In the humanities, the cultural heritage domain consists of a variety of cultural institutions and Web presences that protect and preserve the shared artefacts of human history. Almost everyone is familiar with these places to a lesser or greater extent. In the digital humanities lexicon, they have come to be referred to as GLAMS; an acronym standing for Galleries, Libraries, Archives and Museums. To be sure, these are some of our oldest and most valued institutions. They are also some of the hardest hit in our age of recession, where budgets are cut and programs deemed as marginal are eliminated. This forces GLAMS to use whatever tools are at their disposal to stay relevant and engaged with the public. Indeed, it is this very public that they depend on, and not just for their fiscal survival. GLAMS depend on generally large groups of people to confirm their mission – their raison d’être – that is, to impart culture, knowledge and memory to future generations.

The institutions that comprise GLAMS have been around for hundreds of years, but the older humanities disciplines are now being complemented by newer digital disciplines. Indeed, this interdisciplinary field is now shifting towards predominately computer-based realities. Of course, the humanities already has an intriguing history with the computer. Humanities computing as such began in 1949 with Father Roberto Busa, who with the help of Thomas J. Watson at IBM created an automated program to index 11 million words in Latin penned by Thomas Aquinas and others (citation). Busa set a precedent for humanities computing and there is now an award named after him given triennially by the Alliance of Digital Humanities Organisations (citation). Following Busa, the march of computer technology through the humanities led to a series of journals, symposia and academic computing centers. It culminated in the arrival of the Internet, but more specifically the World Wide Web. Over time, a broader base of academic interest was delivered via the computer, as scholarly material soon began to circulate over the Internet. This gave scholars in the humanities more options. For instance, they could better manage annotations with hypertext, conduct more efficient peer-review, and have a more expedient means to publication (citation).

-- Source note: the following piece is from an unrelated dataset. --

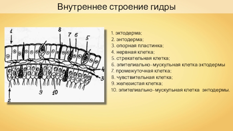 Внутреннее строение гидры1. эктодерма; 2. энтодерма; 3. опорная пластинка; 4. нервная клетка;  5. стрекательная клетка; 6.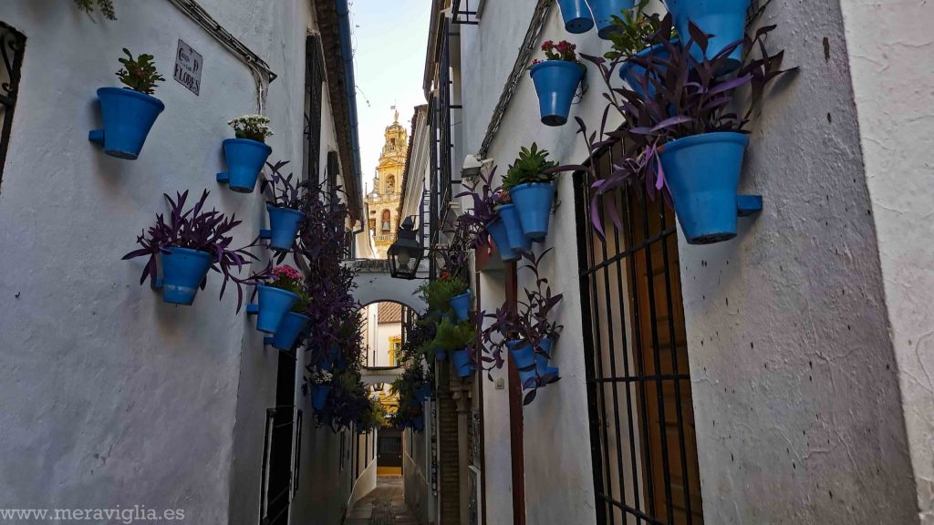 Una vez llegamos, dejamos las cosas en el hotel y descansamos un poco, comenzamos dando un paseo por la judería, un barrio con mucho encanto. Aquí es una parada obligatoria la Calleja de las Flores. Entra a ella y da media vuelta para ver unas bonitas vistas de la torre de la Mezquita-Catedral ente las macetas con flores de la calle.

There is really no solidity of definition when it comes to the term ‘digital humanities.’Broadly speaking, it is the intersection of computer technologies with traditional humanities disciplines. A variety of resources on the Web seek to explain the term, but each definition varies. One soon discovers that a definition of digital humanities is contingent on specific professions. For example, an archeologist will have a different approach to their field than a linguist and a linguist will have a different approach than a musician. Indeed, the humanities encompasses a wide range of professions that can be further subdivided into methodologies and typologies. It is the same in the digital humanities. Fred Gibbs, Associate Professor at George Mason University has analyzed what 170 participants working in some area of the digital humanities have said about DH. He found that participant’s answers could be lumped into nine different categories (citation). Of particular interest here are the categories he elucidated as “methods AND community” and “digitization / archives.” This can be seen in what the following respondent had to say about digital humanities:

“Creating, documenting, deploying and supporting software used in Humanities teaching and research; digitization, archiving and publication of Humanities texts through electronic means; using digital tools to generate and answer research questions related to Humanities texts; collaborating on Humanities projects through digital means; etc. etc… – Martin Holmes, University of Victoria” (citation).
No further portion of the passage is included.